On observe que la contagion a tendance à croître avec les crises économiques et financières internationales. En particulier, le degré de contagion a connu un pic pendant la « grande récession » de 2008-2009, puis a cru ensuite sous l’effet de la récession économique liée à la crise des dettes souveraines en zone euro en 2011-2013.

On note également une remontée entre 2016 et 2017 liée vraisemblablement en partie aux incertitudes dues à la décision du Royaume-Uni de sortir de l’Union européenne.

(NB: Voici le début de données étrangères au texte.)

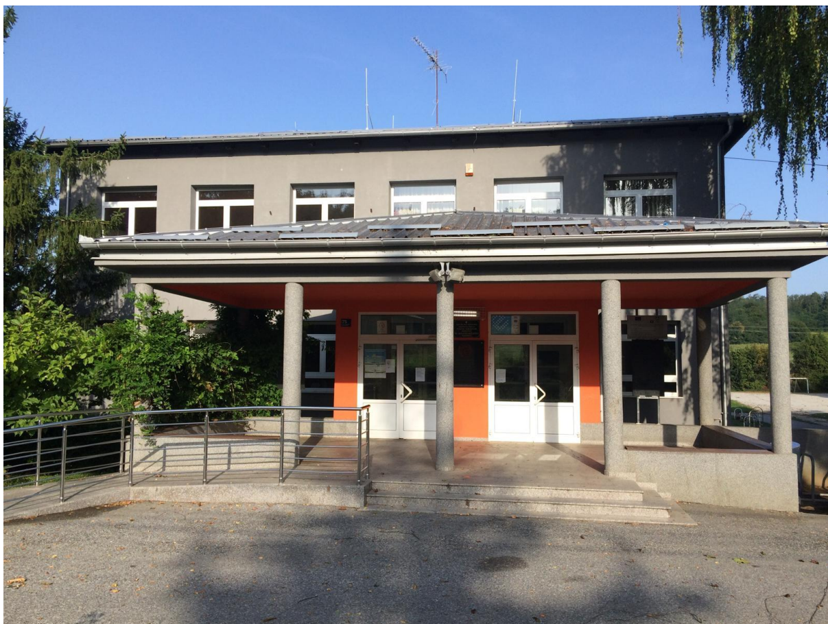
Sl. 41. PŠ Adamovec (fotografirano 18. 8. 2024.)

OŠ Brestje (sl. 42) izgrađena je 1997. godine. Zgrada se obnavlja, što podrazumijeva obnovu krovišta, zamjenu oštećenog poda, zamjenu dotrajale stolarije (vrata i prozori) te servis i nadogradnju videonadzora. U školi se nalazi jedna učionica za geografiju i povijest i jedan kabinet za povijest. Škola je opremljena suvremenim audiovizualnim nastavnim sredstvima, koje je potrebno stalno obnavljati. Škola raspolaže sa 50 računala.

La forte augmentation de la contagion en 2020 est à relier à la récession due au Covid-19. Certes, on note une hausse systématique de la contagion sur le marché des obligations souveraines lors des crises, mais la hausse sur la période récente apparaît comme exceptionnelle face à ce choc global majeur et ce risque de désastre.

Un endettement public à deux vitesses

Dans le contexte actuel, cette forte hausse dans le degré de contagion au sein du système reflète le fait que les pays émergents ont également été impactés par ce choc global.

En fait, les investisseurs internationaux semblent opérer une discrimination entre les pays considérés comme sûrs, qui ont vu leur taux longs souverains chuter (États-Unis, Royaume-Uni, Allemagne, Chine), et les pays considérés comme risqués qui eux ont connu des fortes tensions sur leurs taux d’intérêt (Brésil, Afrique du Sud).

Rendements des obligations d’État à 10 ans (en %). Datastream, données journalières du 3 janvier 2006 au 13 avril 2020

Les conséquences de cette discrimination du marché sont potentiellement importantes sur la soutenabilité des dettes publiques.

En effet, à la suite des réponses massives des gouvernements à la crise du Covid-19 via une hausse de leurs dépenses budgétaires, les États vont devoir ainsi s’endetter sur les marchés pour financer leurs dettes.

Mais s’endetter à des faibles taux d’intérêt va limiter la charge de la dette et donner ainsi des marges de manœuvre aux pays considérés comme non risqués. En revanche, si la situation sur les taux perdure, les pays émergents considérés comme risqués risquent de connaître de sérieuses difficultés à rembourser leur dette dans les années à venir.

Il est crucial que les instances internationales prennent ce risque en compte dans les prochaines discussions. Le G20 (groupe composé de 19 pays et de l’Union européenne) a déjà mis en place un moratoire sur la dette des pays pauvres à compter du 1er mai jusqu’à la fin 2020, mais ce sujet devrait s’imposer à nouveau dans l’agenda à venir.